Ivan Sergeyevich Turgenev (Ива́н Серге́евич Турге́нев, November 9, 1818, Orel, Russia - September 3, 1883, Bougival, near Paris, France ) was a major Russian novelist and playwright. Although his reputation has suffered some setbacks during the last century, the novel Fathers and Sons should still be regarded as one of the defining works of the 19th-century fiction.


Early life

Turgenev was born into an old and wealthy family at Orel, Russia, in the province of the same name, on October 28, 1818. His father Sergei Nikolaevich Turgenev, the colonel of a cavalry regiment, died when our author was sixteen years of age, leaving two sons, Nicholas and Ivan, who were brought up under the care of their emotional and abusive mother Varvara Petrovna Lutovinova, a lady who owned large estates and many serfs. After the normal schooling for a child of a gentleman's family, Ivan studied for a year at the University of Moscow, then at the University of St Petersburg focusing on the classics, Russian literature and philology, and was finally sent in 1838 to the University of Berlin to study philosophy, comprised mostly of Hegel, and history. Turgenev, as a young Russian studying abroad, was generally impressed with the more modern society he witnessed in Western Europe and he went back home a "Westernizer", as opposed to a "Slavophile", who believed that Russia can improve itself only by imitating the West and abolishing outdated institutions such as serfdom.

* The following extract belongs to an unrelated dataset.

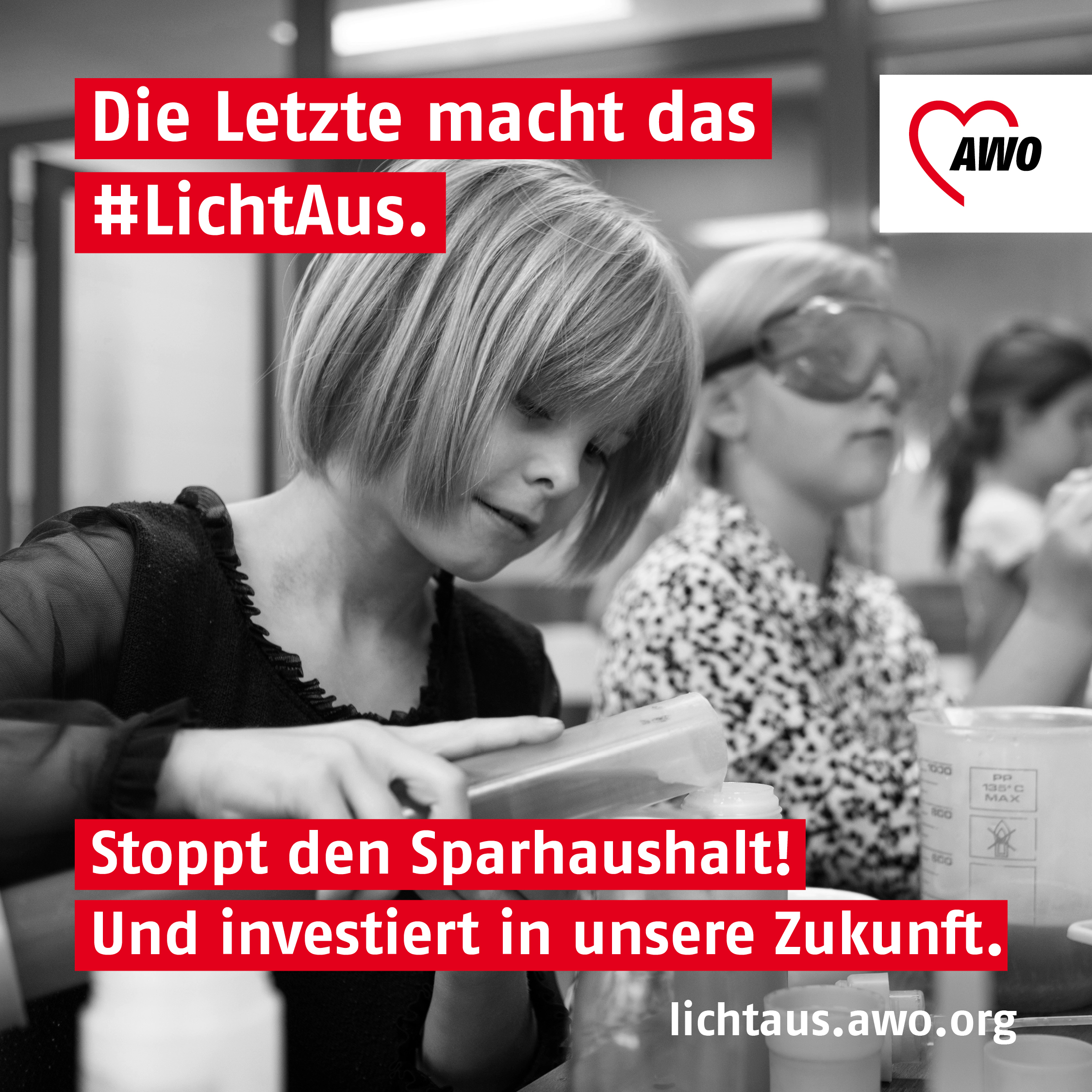Deshalb hat der AWO Bundesverband am 4. September die Kampagne „Die Letzte macht das Licht aus. Stoppt den Sparhaushalt!“ gestartet. Bis zur Bereinigungssitzung Mitte November will die AWO laut und mutig ihre Stimme erheben.

For his first acquaintance with the literature of his country the future novelist was indebted to a serf of the family, who used to read to him verses from the Rossiad of Kheraskov, a once celebrated poet of the eighteenth century. Turgenev's early attempts in literature, consisting of poems and trifling sketches, may be passed over here; they were not without indications of genius, and were favorably spoken of by Belinsky, then the leading Russian critic, for whom Turgenev ever cherished a warm regard.

First works

Turgenev first made his name with the striking sketches A Sportsman's Sketches (Записки охотника), also known as Sketches From a Hunter's Album or Notes of a Hunter, in which the deplorable conditions of the peasants was described with mild realism and deeply poetic compassion. Based on the author's own observations while sport hunting birds and hares in his mother's estate of Spasskoye, the work appeared in a collected form in 1852. It was read by all classes, including the Russian Czar himself, and it undoubtedly hurried on the great work of emancipation. Turgenev had always sympathized with the muzhiks; he had often been witness of the cruelties of his mother, a narrow-minded and vindictive woman. According to Nabokov and Tolstoy, A Sportsman Sketches contain the finest pages ever written by Turgenev.

His next work was A Nest of Nobles (Дворянское гнездо)in 1859, and was followed the next year by On the Eve (Накануне), a tale which contains one of his most beautiful female characters, Helen. In 1862 was published Fathers and Sons (Отцы и дети), an admirably-structured novel in which the author famously described the revolutionary doctrines then beginning to spread in Russia. According to some writers he invented the word nihilism.

Turgenev's life in Europe

During the latter part of his life, Turgenev did not reside much in Russia; he lived either at Baden-Baden or Paris, and often in proximity to the family of the celebrated singer Pauline Viardot, for whom the author harboured a life-long but futile admiration. Aside from supporting an illegitimate daughter he had produced during his younger years with one of his mother's female serfs, Turgenev never married. Although tall and broad in physical stature, Turgenev's personality was timid, restrained and soft-spoken. His closest literary friend was Gustave Flaubert. Turgenev occasionally visited England, and in 1879 the degree of D.C.L. was conferred upon him by the University of Oxford. He died at Bougival, near Paris, on the 4th of September 1883.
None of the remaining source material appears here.